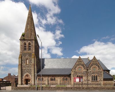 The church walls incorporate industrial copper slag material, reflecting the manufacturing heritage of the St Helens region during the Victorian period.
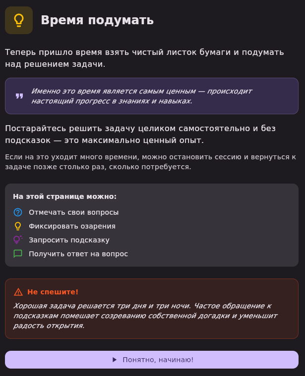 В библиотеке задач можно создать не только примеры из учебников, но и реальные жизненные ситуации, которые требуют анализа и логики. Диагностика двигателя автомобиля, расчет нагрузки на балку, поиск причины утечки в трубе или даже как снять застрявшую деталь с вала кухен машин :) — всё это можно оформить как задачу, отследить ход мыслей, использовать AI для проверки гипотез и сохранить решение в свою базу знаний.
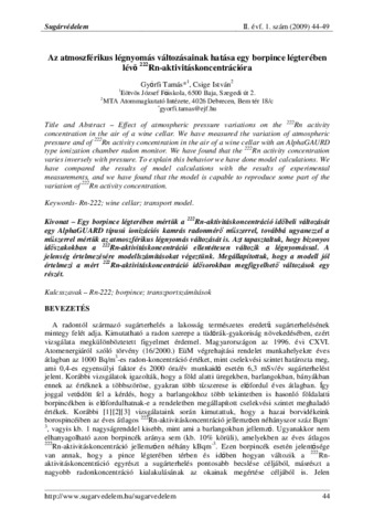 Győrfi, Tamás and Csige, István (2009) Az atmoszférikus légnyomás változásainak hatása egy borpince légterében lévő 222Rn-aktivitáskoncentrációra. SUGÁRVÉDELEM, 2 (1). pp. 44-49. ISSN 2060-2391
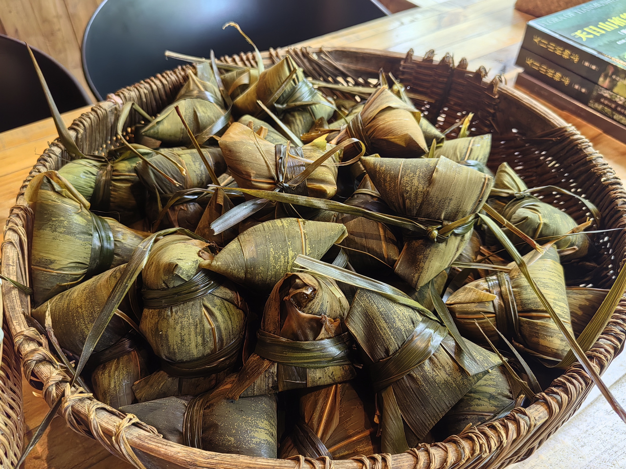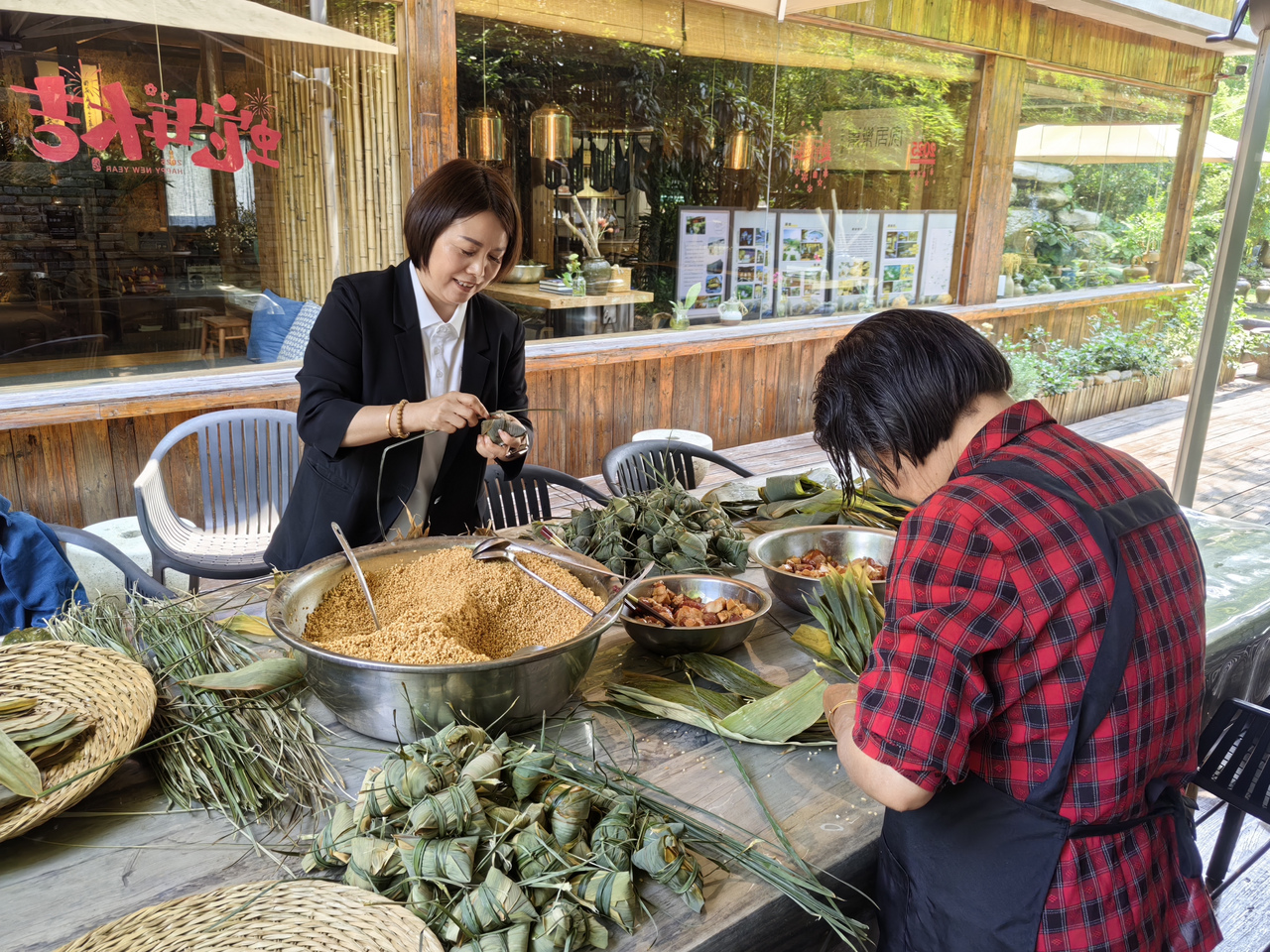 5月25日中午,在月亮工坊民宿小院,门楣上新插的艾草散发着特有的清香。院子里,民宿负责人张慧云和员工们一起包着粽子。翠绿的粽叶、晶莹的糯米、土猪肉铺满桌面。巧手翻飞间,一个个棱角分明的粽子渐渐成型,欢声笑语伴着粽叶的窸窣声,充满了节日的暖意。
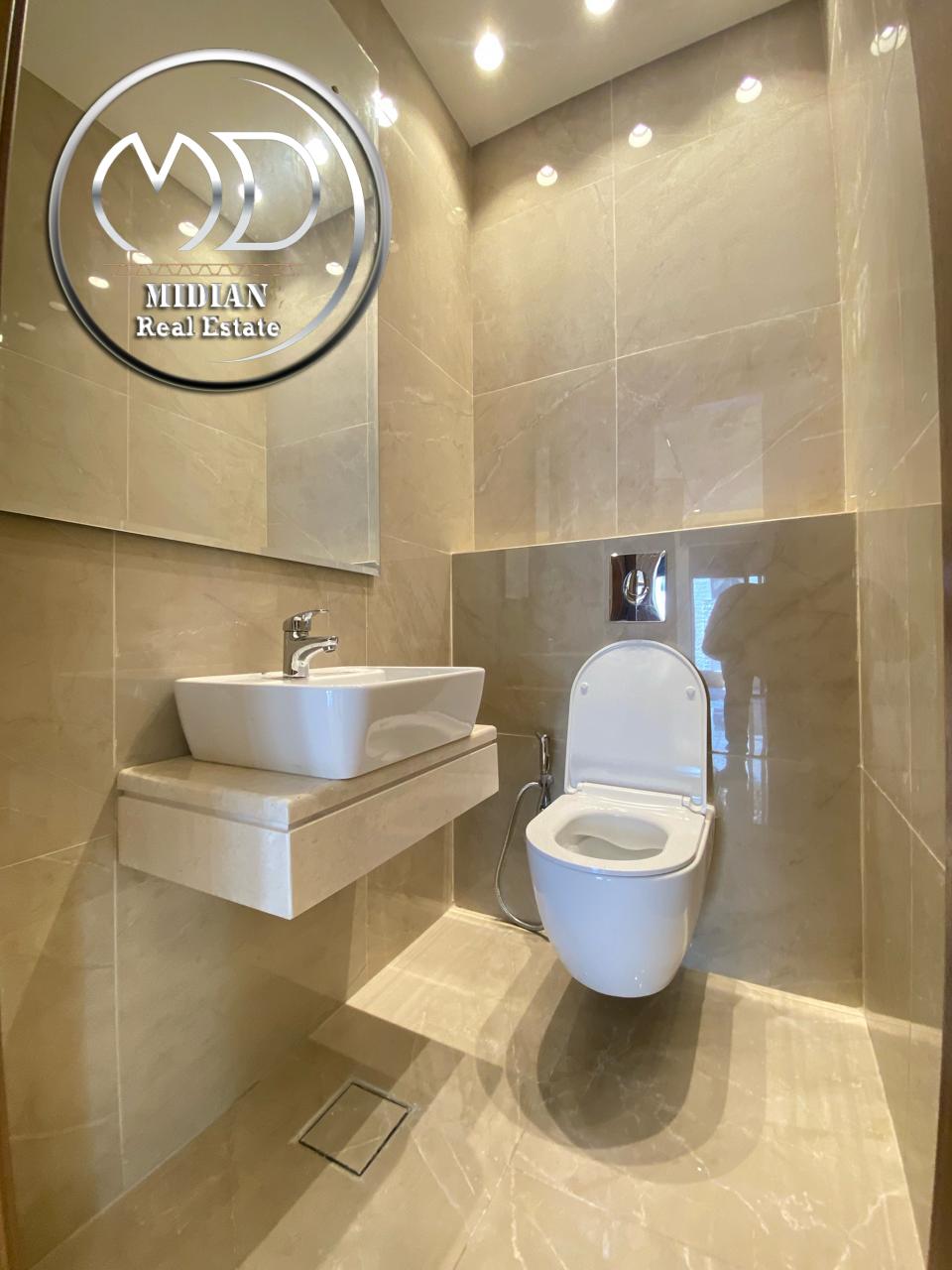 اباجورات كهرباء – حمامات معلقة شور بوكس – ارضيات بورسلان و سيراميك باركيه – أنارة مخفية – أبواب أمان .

Exercise objective: The stretch above running from the line with "Győrfi, Tamás and" through the line with "5月25日中午,在月亮工坊民" is all you should copy, exactly, leaving out the pictures.

Finished exercise:
 Győrfi, Tamás and Csige, István (2009) Az atmoszférikus légnyomás változásainak hatása egy borpince légterében lévő 222Rn-aktivitáskoncentrációra. SUGÁRVÉDELEM, 2 (1). pp. 44-49. ISSN 2060-2391
 5月25日中午,在月亮工坊民宿小院,门楣上新插的艾草散发着特有的清香。院子里,民宿负责人张慧云和员工们一起包着粽子。翠绿的粽叶、晶莹的糯米、土猪肉铺满桌面。巧手翻飞间,一个个棱角分明的粽子渐渐成型,欢声笑语伴着粽叶的窸窣声,充满了节日的暖意。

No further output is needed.